*** The data Section Begins ***

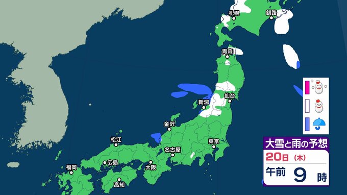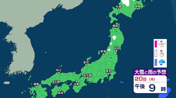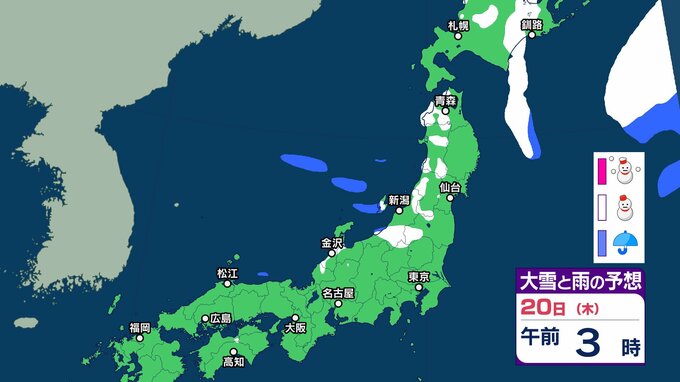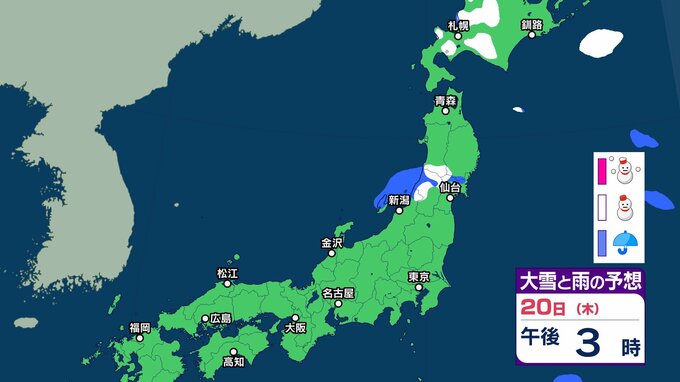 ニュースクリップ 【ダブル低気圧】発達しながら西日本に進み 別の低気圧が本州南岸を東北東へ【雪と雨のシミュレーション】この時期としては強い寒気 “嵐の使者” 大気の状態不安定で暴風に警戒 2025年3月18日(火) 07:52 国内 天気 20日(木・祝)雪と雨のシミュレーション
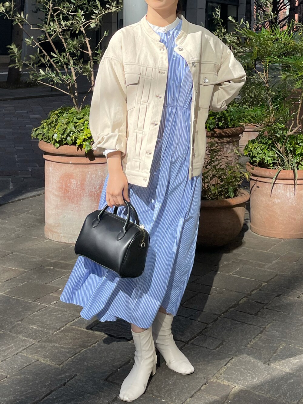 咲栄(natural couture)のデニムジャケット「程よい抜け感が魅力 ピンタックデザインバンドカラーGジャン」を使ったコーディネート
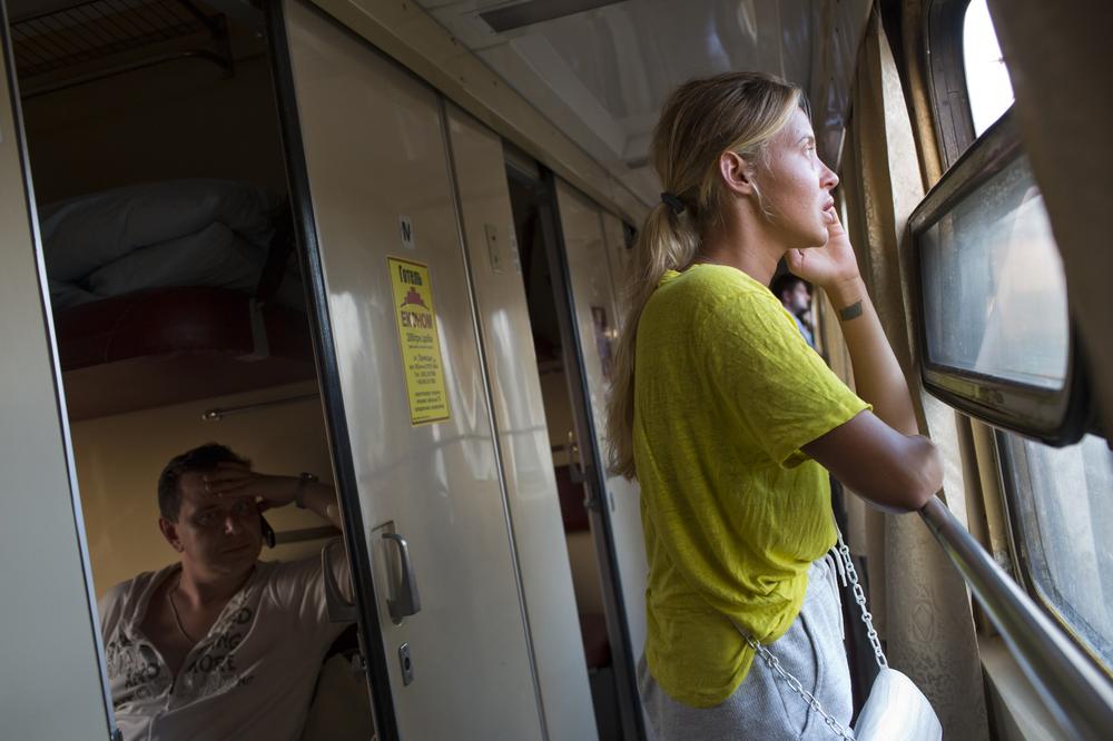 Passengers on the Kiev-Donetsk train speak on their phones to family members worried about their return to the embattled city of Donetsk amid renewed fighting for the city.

*** The data Section Ends ***

:: What needs to be done ::
Could you print the whole listing again, exactly, leaving the pictures out?

:: Task result ::
 ニュースクリップ 【ダブル低気圧】発達しながら西日本に進み 別の低気圧が本州南岸を東北東へ【雪と雨のシミュレーション】この時期としては強い寒気 “嵐の使者” 大気の状態不安定で暴風に警戒 2025年3月18日(火) 07:52 国内 天気 20日(木・祝)雪と雨のシミュレーション
 咲栄(natural couture)のデニムジャケット「程よい抜け感が魅力 ピンタックデザインバンドカラーGジャン」を使ったコーディネート
 Passengers on the Kiev-Donetsk train speak on their phones to family members worried about their return to the embattled city of Donetsk amid renewed fighting for the city.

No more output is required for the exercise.